それにはやはり「ひきこもり」という課題はテーマとしては活かしつつも、色々な人が集まって皆で考え、手を動かせる機会が重要なのではないか。ひきこもり者も一般参加者も一緒に共通のテーマに従って作業を進めることで、相互理解を得つつ、ひきこもり者、一般参加者それぞれの「自己肯定感」を大幅に高めることができるのではないか。このようなことを強く示唆する「ひきこもりハッカソン」でした。

従来のひきこもり支援イベント自体も大事ですし、それを継続することで喜ばれる方も多いのも事実です。一方で、新しい支援の形を常に模索することも重要です。今回の「ひきこもりハッカソン」で得られた経験をもとに、第二回の「ひきこもりハッカソン」開催を2019年内に行えるように動いていきたいと考えています。
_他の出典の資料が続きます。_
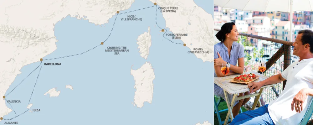 ITINERARIO: Roma (Civitavecchia), Italia • Portoferraio (Elba), Italia • Cinque Terre (La Spezia), Italia• Niza (Villefranche), Francia • Navegando Por El Mar Balear • Alicante, España • Valencia, España • Ibiza, España • Barcelona (Tarragona), España.

次回以降も同じようなレベルとクオリティを出すためにはかなりのブラッシュアップが必要であることは間違いないですが、ひきこもり者と一般参加者が同じテーマで議論することで、解決できることがあることを理解した今、このイベントを継続的に行えるための環境整備を行うことは私自身の大事な仕事だと強く感じています。

個人的には次回は福岡でやりたいと思っています。ご興味をお持ちの方は、企業、個人を問いませんので、ぜひご連絡をいただければ幸いです!

最後になりますが、「ひきこもりハッカソン」に参加いただいたすべての皆様に、心より感謝と御礼を申し上げます。有難うございました。